# Paragon2 CV159 System lighting CV question



## rrgrassi (May 3, 2012)

Is the a list of CV values for CV159 that shows what each value does? I know value 1 disables rule 17. 

I'm trying to make the front headlight stay on even in reverse on my K4. Does anyone know what CV and value is used for that?


----------



## Southern (Nov 17, 2008)

Questions like this one are why I use JMRI Decoder Pro. Sorry I can't help I just do all of my programing with out knowing Jack about CVs.


----------



## rrgrassi (May 3, 2012)

I do have the JRMI software, but no PR3. Buying this locomotive set me back a bit, for now.

I do like how the Paragon2 system acknowledges a command...the headlight does a long flash.


----------



## Brakeman Jake (Mar 8, 2009)

The PR3 may not be enough still...you'll probably need a programming booster (like the Soundtrax PTB-100 Sean NIMT supplies) to reprogram your sound decoders.

But the JMRI software may still be useful to you.Open the program,click "New loco",it will list all brands of decoders,then click "BLI",then "Paragon 2" then "steam".

Once this page is open,click "CV's" then take note of the CV's that are "edited" or "orange" so that you don't confuse them later.

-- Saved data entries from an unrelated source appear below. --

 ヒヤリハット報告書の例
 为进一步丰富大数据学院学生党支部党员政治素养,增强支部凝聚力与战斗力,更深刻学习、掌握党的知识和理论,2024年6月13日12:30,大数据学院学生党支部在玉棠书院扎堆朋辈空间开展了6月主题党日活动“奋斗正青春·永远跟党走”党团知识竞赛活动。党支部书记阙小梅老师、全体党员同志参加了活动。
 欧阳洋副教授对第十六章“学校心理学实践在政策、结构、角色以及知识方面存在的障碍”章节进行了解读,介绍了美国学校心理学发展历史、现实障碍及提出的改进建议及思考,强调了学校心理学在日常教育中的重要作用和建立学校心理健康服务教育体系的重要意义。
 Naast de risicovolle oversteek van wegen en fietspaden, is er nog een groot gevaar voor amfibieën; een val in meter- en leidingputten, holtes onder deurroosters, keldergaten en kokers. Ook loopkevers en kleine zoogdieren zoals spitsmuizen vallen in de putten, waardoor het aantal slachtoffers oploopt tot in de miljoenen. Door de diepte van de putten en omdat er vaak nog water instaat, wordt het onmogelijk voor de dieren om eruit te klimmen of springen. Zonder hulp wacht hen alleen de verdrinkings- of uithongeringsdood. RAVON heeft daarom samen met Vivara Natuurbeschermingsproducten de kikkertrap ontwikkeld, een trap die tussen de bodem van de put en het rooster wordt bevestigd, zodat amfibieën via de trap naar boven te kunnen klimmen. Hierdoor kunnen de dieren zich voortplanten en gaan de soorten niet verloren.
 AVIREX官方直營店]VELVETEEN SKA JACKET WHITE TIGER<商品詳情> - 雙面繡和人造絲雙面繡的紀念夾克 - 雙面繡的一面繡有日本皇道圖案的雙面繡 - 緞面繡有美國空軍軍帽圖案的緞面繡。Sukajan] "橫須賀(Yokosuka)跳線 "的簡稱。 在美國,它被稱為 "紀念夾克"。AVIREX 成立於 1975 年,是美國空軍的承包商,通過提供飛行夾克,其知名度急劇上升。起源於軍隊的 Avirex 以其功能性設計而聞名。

Then that's where the fun begins...click "Lights" then make it "non-directional".Then return to "CV's" and note wich one(s) have been edited with your change and their new value.

Then,with your command station,try entering the new value programming "on the main" or in "blast mode" depending on the system you have.You may be able to do away with the PR3/Booster setup this way.

This is a way to find the necessary CV values for a specific decoder.No one can really memorize all of them,I know I can't....good luck.It can only not work BTW,it can't dammage the decoder.


----------



## Brakeman Jake (Mar 8, 2009)

Was forgetting...I tried this and and I got CV160=67.Have fun.....


----------



## rrgrassi (May 3, 2012)

Yeah!!! Thanks for the info!!


----------



## Brakeman Jake (Mar 8, 2009)

Very happy that it worked.Were you able to use your programming track or did you have to do it on the main?


----------



## rrgrassi (May 3, 2012)

I have not played with it yet. That said, I am able to program it like I can a Digitrax equipped loco, on the programming track, using the programming connections without the Soundtraxx programming booster.

I'll be doing that during a break tomorrow.


----------